– Рылеев, подлец, всех выдаёт.
– Нет, не подлец. Ты не знаешь. Была у вас очная ставка?
– Нет.
– Будет. Увидишь: он лучше нас всех.
– Не понимаю.
– Поймёшь. Если о Каховском спросят, не выдавай, что убил Милорадовича. Ведь и я ранил штыком; может быть, не он, а я убил.
– Зачем лжёшь? Сам знаешь, что он.
– Верно, не выдавай. Спаси его.
– Его спасти, а тебя погубить?
– Не погубишь: всё за меня, против него.
– Я лгать не хочу.
– Ты всё о себе думаешь, – думай о других. Идут. Прощай.
После разговора с Оболенским Голицын задумался и забылся так, что не заметил, как, проголодавшись, начал есть булку. Опомнился, когда уже съел половину. Оставлять не стоило, съел всю.
Ночью проснулся от боли в животе. Стонал и охал. Всю ночь промучился. К утру сделалась рвота, такая жестокая, что думал – умрёт. Но полегчало. Уснул.
– Как почивать изволили? – разбудил его Сукин.
– Прескверно. Тошнило.
– Что-нибудь съели?
– Трусов угостил булкой.
– Водой не запили?
– Нет.
– Ну, вот от этого. Надобно хлеб водой запивать. Ничего, пройдёт. Сейчас будет лекарь.
– Не надо лекаря.
– Нет, надо. Сохрани Бог, что-нибудь сделается. У нас тут строго: за жизнь арестантов головой отвечаем.

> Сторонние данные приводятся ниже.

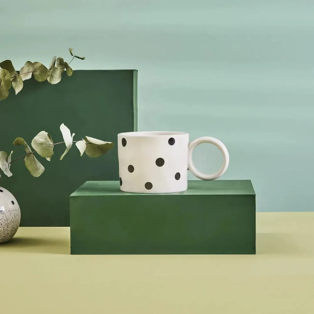 Karaca Erica Dot Porcelain Mug, 370ml, Black

«Безымянный» – так называл Голицын того замухрышку-солдатика, который оказался для него Самарянином Милостивым, – узнав о ночном происшествии, объявил, что Голицын отравлен.
– Может, ваше благородие, чем не потрафили, – так вот они вас и мучают.

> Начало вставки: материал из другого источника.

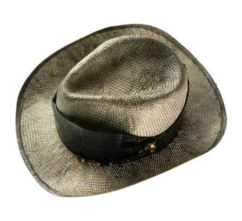 카우보이를 재해석한 이 모자는 마모 효과를 위해 검은색으로 그을린 밀짚으로 만들어졌으며, 겉보기에는 무심한 느낌을 줍니다. 진짜 악어 가죽으로 만든 브레이드가 그 진정한 매력을 더하고, 빈티지한 느낌의 장식 체인으로 장식되어 있습니다. 정성스럽게 수공예로 제작되었으며, 태양과 열로부터 적절한 보호를 제공합니다.
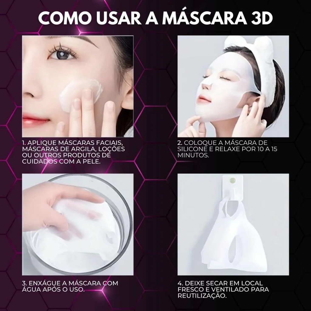 Máscara Facial Silicone Hidratação Reutilizável P/ Skincare lifting firmador Resultado Profissional
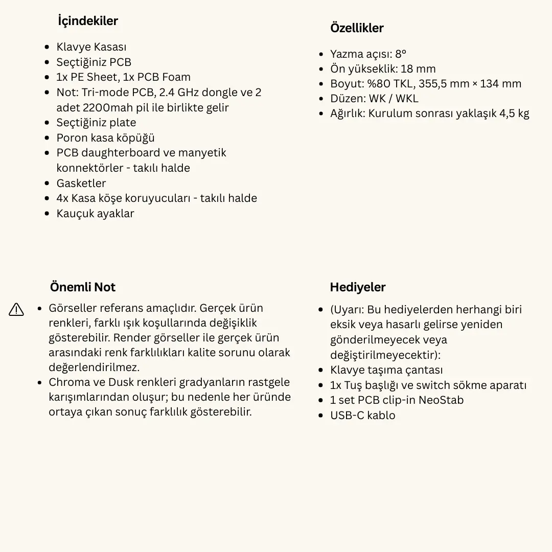 Ön Sipariş etkinliği ve ürünün teslimatı, yaşanabilecek lojistik, teknik, idari izin/onay gecikmeleri, gümrüklerde ve ithalat esnasında yaşanabilecek diğer süreçler (TAREKS incelemeleri dahil fakat bunlarla sınırlı olmamak üzere) ve mücbir sebep hallerinde ertelenebilir, durdurulabilir, değişiklik gösterebilir. Rationalkeys, gerekli bildirimleri web sitesi ve/veya sosyal medya hesapları üzerinden duyuracaktır.
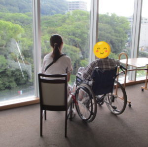 痛みが落ち着くと歩行器を使用し明るいラウンジへ行き、新聞を読んだり野球を観戦したりして過ごされていました。
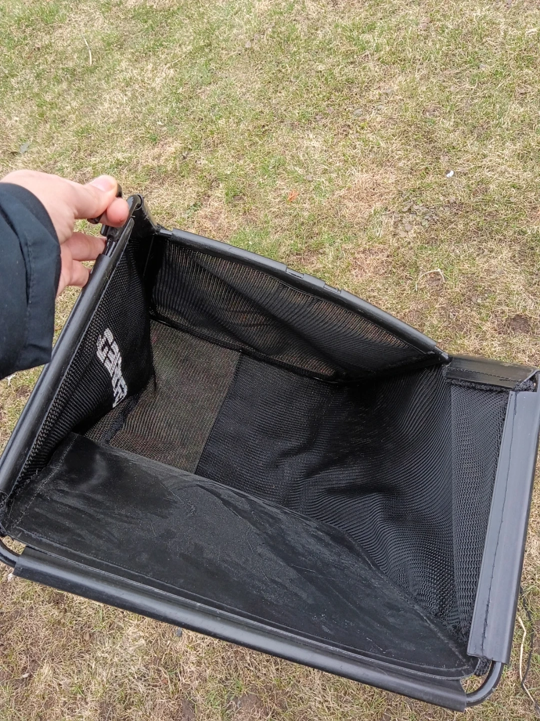 This is a replacement grass catcher bag for lawn mowers. It's made of durable black fabric with a reinforced top. The bag features the "CERTIFIED" logo.

Пришёл лекарь, тот самый, который был в Зимнем дворце, на допросе Одоевского, Соломон Моисеевич Элькан, должно быть, из выкрестов, черномазый, толстогубый, с бегающими глазками, хитрыми и наглыми. «Прескверная рожа. Этакий, пожалуй, и отравить может!» – подумал Голицын.
Арестанта перевели на больничный паёк – чай и жидкий суп. Но он ничего не ел, кроме хлеба, который приносил ему потихоньку Безымянный.
Два дня не ел, а на третий зашёл к нему Подушкин. Присел рядом на койку, вздохнул, зевнул, перекрестил рот и начал:
– Что вы не кушаете?
– Не хочется.
– Полноте, кушайте, ведь заставят!
- Как заставят?
– А так: всунут машинку в рот и нальют бульону, – насильно проглотите. А то в мешок посадят.
– Какой мешок?
– А такие карцеры есть под землёю; сверху плита каменная с дыркой для воздуху. Ну, там не то, что здесь – темно, сыро, нехорошо.
Помолчал, опять зевнул и прибавил:
– Не горюйте, всё пройдёт. Вот и генерал Ермолов сидел в царствование императора Павла Первого, а как выпустили, со мной и не кланяется. Вот и с вами так же будет. Всё пройдёт, всё к лучшему.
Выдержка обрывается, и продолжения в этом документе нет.